---- Material to process
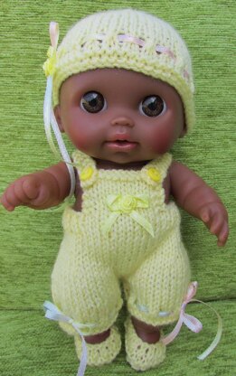 Really easy to knit outfit for a Berenguer Li'l Cutesies doll. Instructions are for a playsuit with crossover straps, hat, headband and slippers. The playsuit can be made with longer legs or shorter legs. The longer legs have eyelet holes for ribbon. Uses DK yarn and 3mm needles. Written in UK terms.
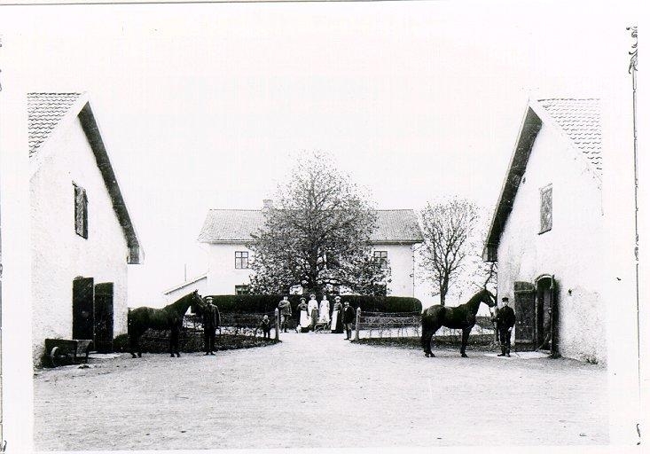 Gudhems kungsgård. Gudhem i början av 1900. Kusken heter Lång. Sigge och Alfrida Stenbeck med dottern Britta i vagnen. Damen vid hunden torde vara Sandra Karlsson.
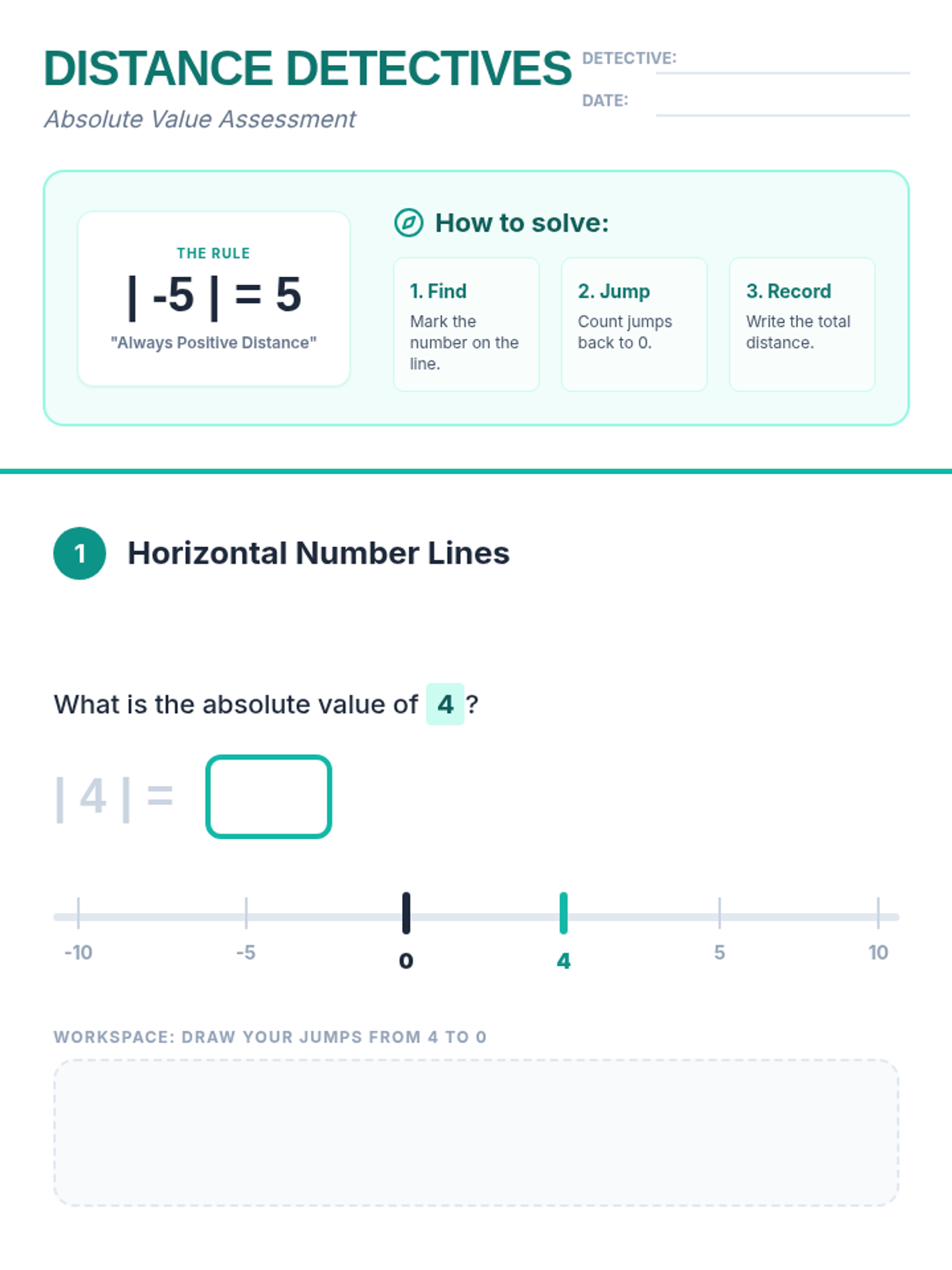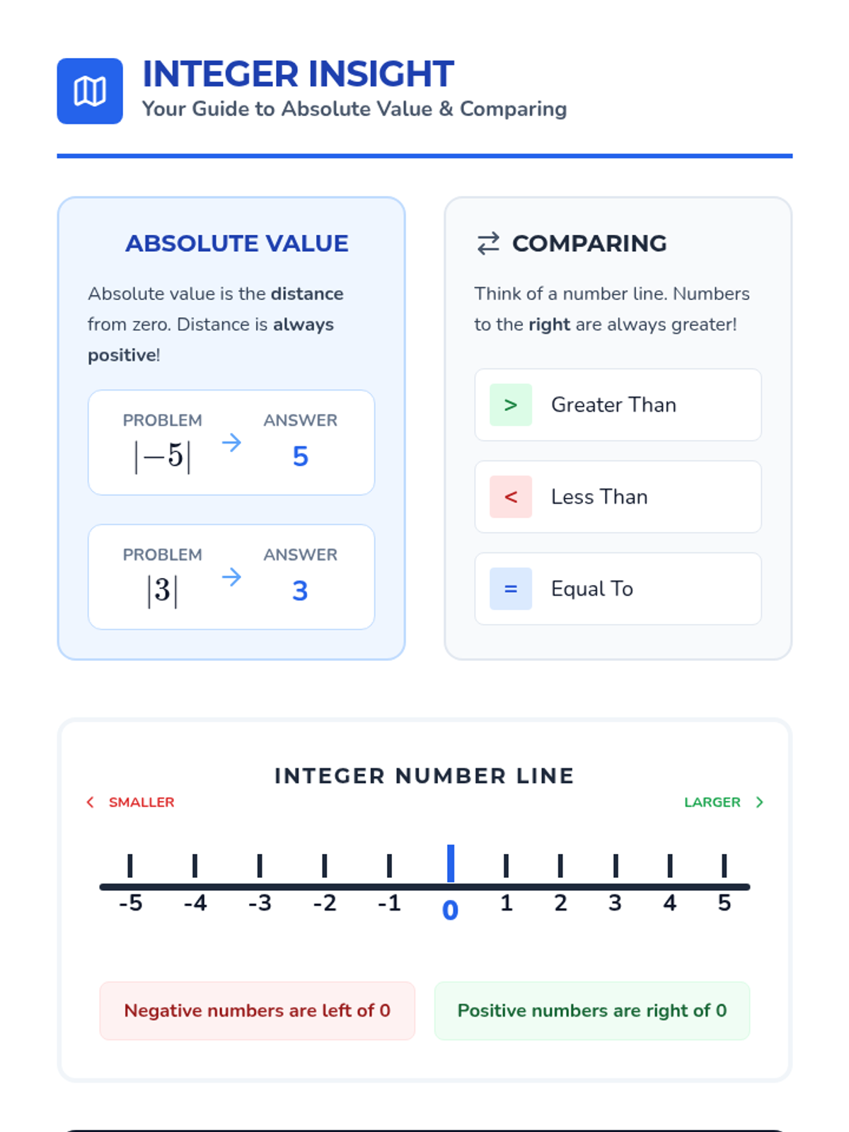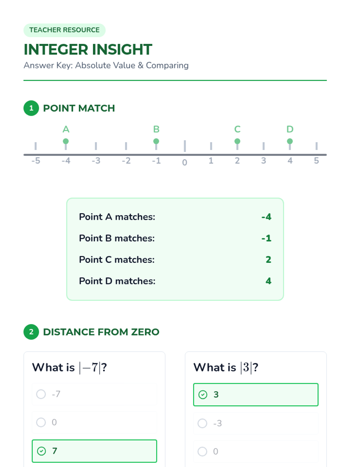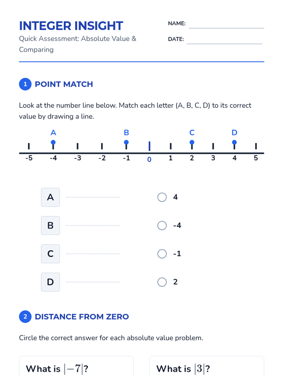 A quick assessment designed for IEP students to demonstrate their understanding of single-digit absolute value and integer comparison.
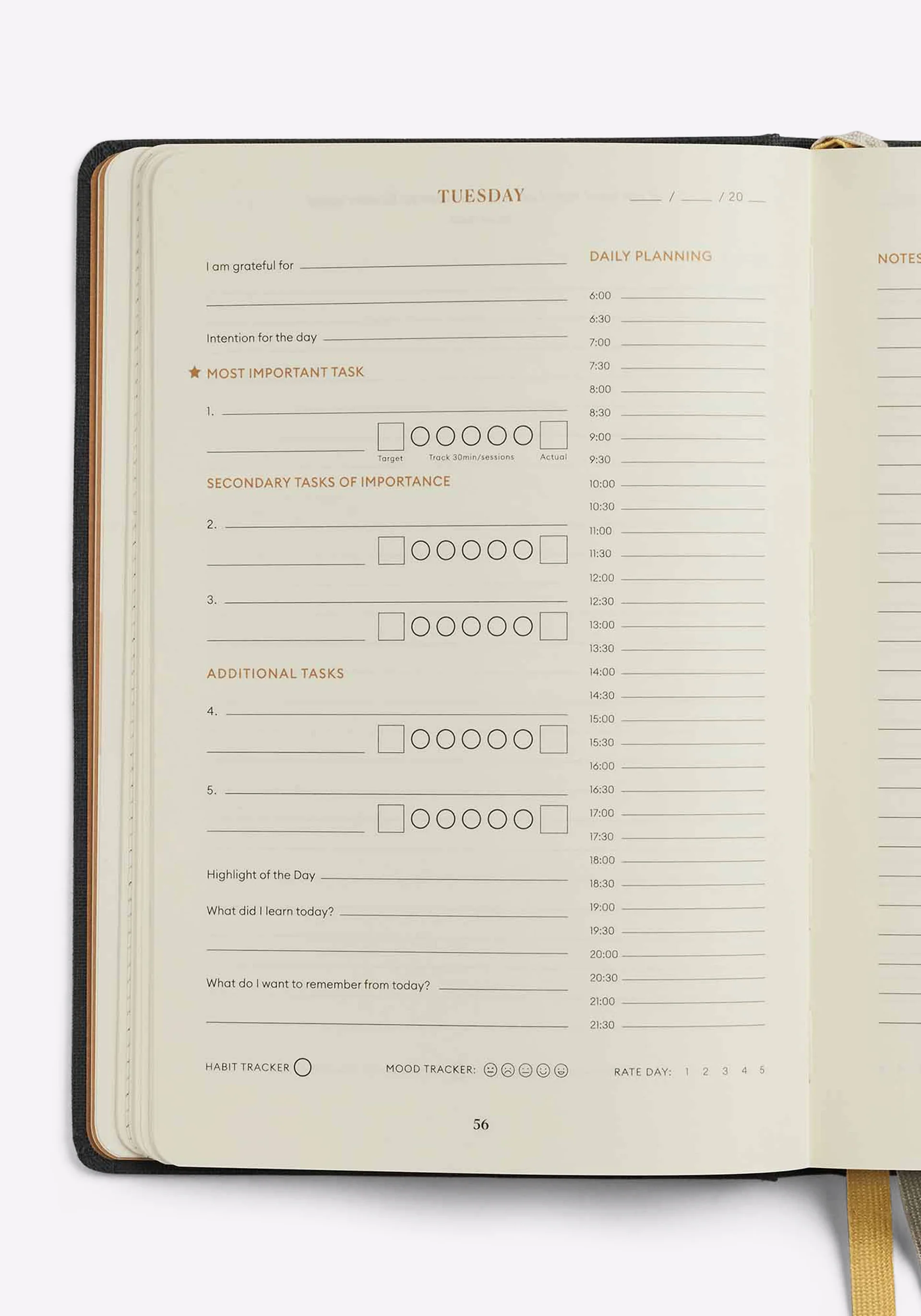With The Productivity Planner, you're equipped with well-established techniques distilled in a simple, science-backed format. By prioritizing only five tasks daily, focusing on the most critical first, and applying the Focus Time method to maintain single-task concentration, you'll breeze through projects you've been putting off.
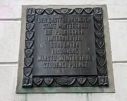 Einige polnische Soldaten blieben bis Sommer 1946 in der Schweiz um ihre Studien abzuschliessen. Ende Juni 1946 übergaben sie der Stadt Winterthur eine Gedenktafel für das Hochschullager Winterthur. Die Tafel wurde vom polnischen Künstler Pietrowksi Maciej gestaltet und Ende Juni 1946. Auf der dunklen Bronzetafel beim Gewerbemuseum heisst es: „Der gastfreundlichen Stadt Winterthur. Die internierten polnischen Studenten. Miastu Winterthur. Studenci Polaci.“
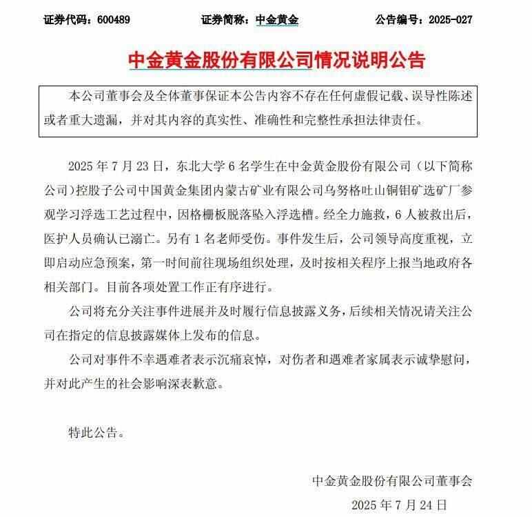 据新华社消息,7月23日10时20分许,东北大学6名学生在中国黄金集团内蒙古矿业有限公司乌努格吐山铜钼矿选矿厂参观学习浮选工艺过程中,因格栅板脱落坠入浮选槽。经全力施救,6人被救出后,医护人员确认已溺亡。另有1名老师受伤。目前,属地党委政府、东北大学、中国黄金集团有限公司正在开展善后处置工作。
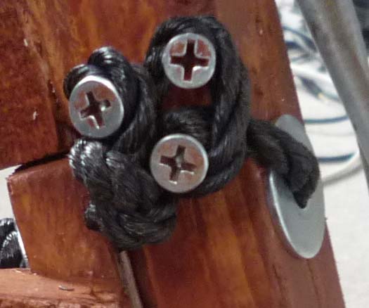 | ハンドルの回転は前輪の棒に4本のヒモで構成されます。 ヒモは木ねじに巻き付けて木ねじの間に結び目を引っかける事で固定します。付け外しがわりと簡単にできます。 ヒモに加えて、木のストッパーを付けて加重をヒモだけで支えないようにしてます。 ![]() ![]() |
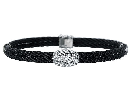 Alor 18 karat White Gold, stainless steel and black stainless steel cable 2 row 3.0mm with 0.17 total carat weight Diamonds. Imported.
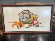 Vintage Framed Needlepoint Crewel Work Toys Dollhouse Doll Stuffed Dog
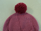 • Handcrafted Knitted Baby Hat Pink/Cranberry Pom Pom 100% Wool Female 6-12 months.
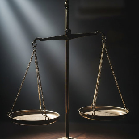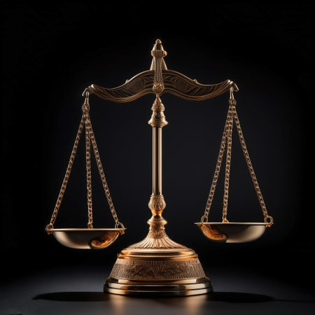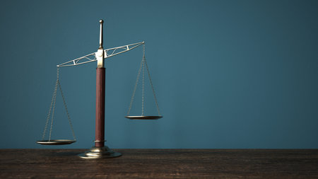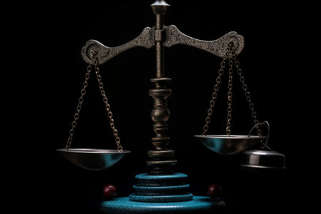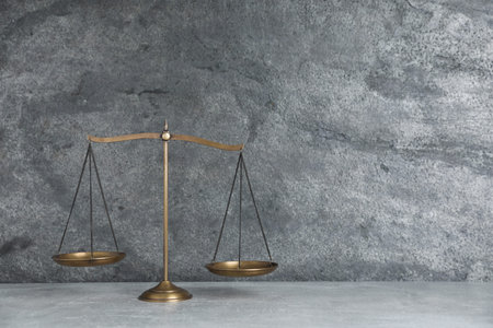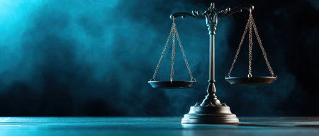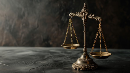 A set of balanced golden scales stands prominently against a dark background, representing justice and fairness in a legal environment, evoking thoughts on law and morality
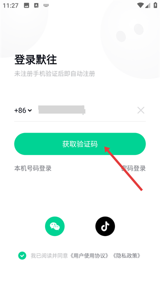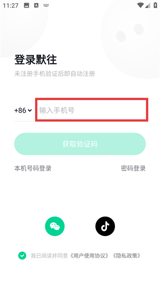 1、打开默往,在登录界面的框中填写自己的手机号,开启注册流程哦。
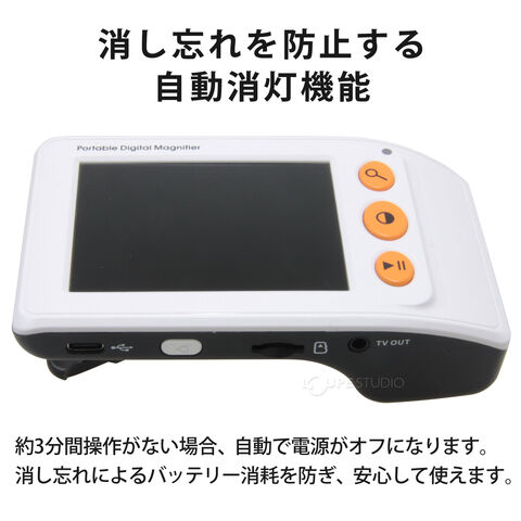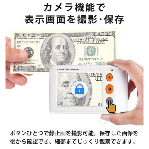 【歪みのないクリアな視界】 従来の虫眼鏡で起こりがちな「周辺部のぼやけ」をデジタル技術で解消。3.5インチのTFT液晶モニタが、隅々まで鮮明な文字を映し出します。【最大25倍の5段階ズーム】 倍率は2倍・4倍・8倍・16倍・25倍の5段階にワンタッチで切り替え可能。新聞の閲覧から、薬のパッケージなどの細かな文字まで幅広く対応します。【選べる8つの表示モード】 使う方の見えやすさに合わせて、フルカラー、白黒、反転表示など8種類のカラーモードを選択可能。視覚障害やロービジョンの方の読書を強力にサポートします。【静止画保存&持ち運び便利】 microSDカード(最大32GB)対応で、気になった情報を静止画として保存可能。重さわずか145gの軽量設計で、外出先でのメニュー確認や買い物にも最適です。【大容量バッテリー内蔵】 1500mAhのリチウム電池を搭載し、フル充電で約3時間以上の連続使用が可能。電池交換の手間がなく、経済的にお使いいただけます。
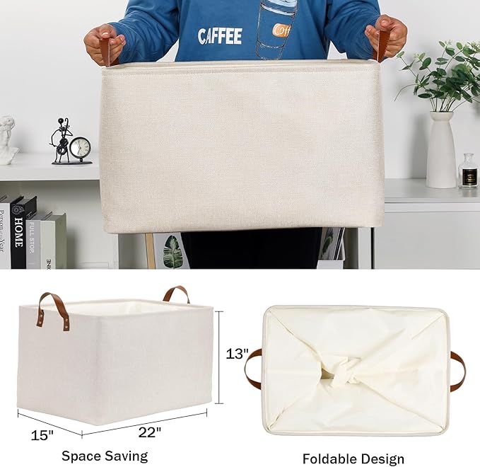 • 【Unique Design & Modern & Decorative】Set of 2 large storage baskets, dimensions(each): 22(L) x 15(W) x 13(H) inches. Fabric baskets for organizing bring you organizing convenience and a sweet home. Great for socks, underwear, books, magazines, toys, baby clothes, pet products, wipes, towels, decorations, office supplies, DVDs, and gifts. The Large Fabric baskets with neutral colors can match a lot of home styles - keeping your home nice and tidy.
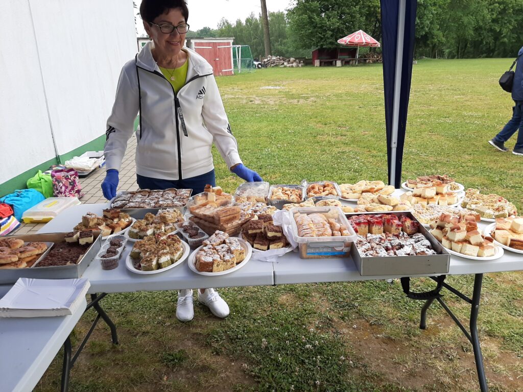 Dziękujemy również panom Marcinowi Gręda z GOKS i S w Płotach,oraz Jackowi Rafińskiemu za prowadzenie spikerki.Panu Adamowi Aniuksztys- p.o Dyrektora Gminnego Ośrodka Kultury i Sportu w Płotach.Podziękowanie dla pani Reginy Mąkowskiej za prowadzenie pięknego tańca. Panu Andrzejowi Kania z Wyszomierza serdecznie dziękujemy za stoły, ławy i namiot,które dostarczył własnym transportem.Dzięki temu w tym upale mieliśmy się gdzie schronić. Dziękujemy też naszym koleżankom za wspaniałe ciasta i pyszną kawę. Pani Kazi Radeckiej za smaczny smalec i kiszone ogóreczki.Wszystkie wymienione wyżej osoby pracowały w ramach wolontariatu i za to serdeczne podziękowania i brawa.
--------
→ Aim of the exercise
Take the records from their first line through the line containing "A quick assessment" and please return exactly those lines, both ends included, minus the pictures.

→ Reply
 Really easy to knit outfit for a Berenguer Li'l Cutesies doll. Instructions are for a playsuit with crossover straps, hat, headband and slippers. The playsuit can be made with longer legs or shorter legs. The longer legs have eyelet holes for ribbon. Uses DK yarn and 3mm needles. Written in UK terms.
 Gudhems kungsgård. Gudhem i början av 1900. Kusken heter Lång. Sigge och Alfrida Stenbeck med dottern Britta i vagnen. Damen vid hunden torde vara Sandra Karlsson.
 A quick assessment designed for IEP students to demonstrate their understanding of single-digit absolute value and integer comparison.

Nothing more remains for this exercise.